If you feel that matters like this are important to the Mumble project, then the discussion should be regarding whether or not Mumble should have to adhere to a prescribed specification. Such a specification could eliminate the need for discretionary implementation decisions like this, but it would also be quite the undertaking.

That is of course if this is just for consistency's sake, if not -- if there is some practical advantage to only sending modified fields, then I would suggest that you outline that advantage rather than just underscoring an inconsistency.

ianling commented 5 years ago

The practical advantage of consistency is... consistency. The official implementations of the protocol shouldn't behave in unpredictable or undocumented ways. I agree that if all of the messages always included all of the optional fields, it would be fine. Or even if this specific UserState message always sent all the optional fields, it would be fine. However, this specific message only sends one additional optional field, and only in this one specific scenario.

It's just one additional undocumented oddity that you will only discover when you are implementing the protocol in your own program and run into a bug because you were only expecting fields that were altered to be present in a message, since that just happens to be the case everywhere else in the official implementation of the protocol.

Everyone should strive for consistency when coding. There was no practical reason to deviate from the standard set by the implementation of all the other messages in the protocol. Keeping it is lazy and wastes other developers' time.

If nothing else, it wastes a few bytes of bandwidth for useless data.

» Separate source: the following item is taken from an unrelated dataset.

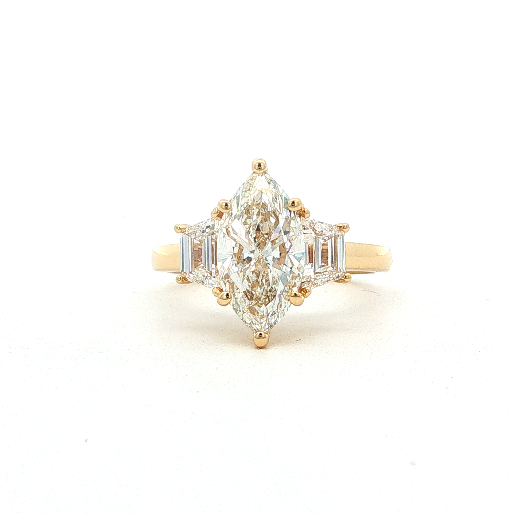 14KYG 2.09CT G/VS1 MARQUISE LG DIA & 2 TRAPEZOID LG DIA'S 0.71CTW 3-STONE ENGAGEMENT/ANNIVERSARY RING

I don't especially care about this issue, just pointing out the inconsistency when compared to every other protobuf message in the Mumble protocol.

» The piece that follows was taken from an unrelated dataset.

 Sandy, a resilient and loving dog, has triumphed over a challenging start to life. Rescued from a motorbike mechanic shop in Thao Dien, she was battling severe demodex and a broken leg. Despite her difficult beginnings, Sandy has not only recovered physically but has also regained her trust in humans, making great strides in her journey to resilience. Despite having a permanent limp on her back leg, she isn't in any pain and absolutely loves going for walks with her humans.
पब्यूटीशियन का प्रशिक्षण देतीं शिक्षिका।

unterwulf commented 5 years ago

Consistency is important from the principle of least astonishment's perspective. When everywhere else in the code unchanged optional fields are not being sent it makes an impression that if such a field is yet being sent it is made for a reason. And if there were no real reason such code is just misleading and frustrating.

From the practical point of view I noticed that at least some fields are handled by Mumble regardless of their current values. E.g. whenever server includes the suppress field into a UserState message, Mumble prints a message even if the state is the same. (Have seen this behavior on 1.2.18 from Debian repo. Haven't tested on the master.) This creates a feeling that the common approach is not to send optional fields unless their values have changed.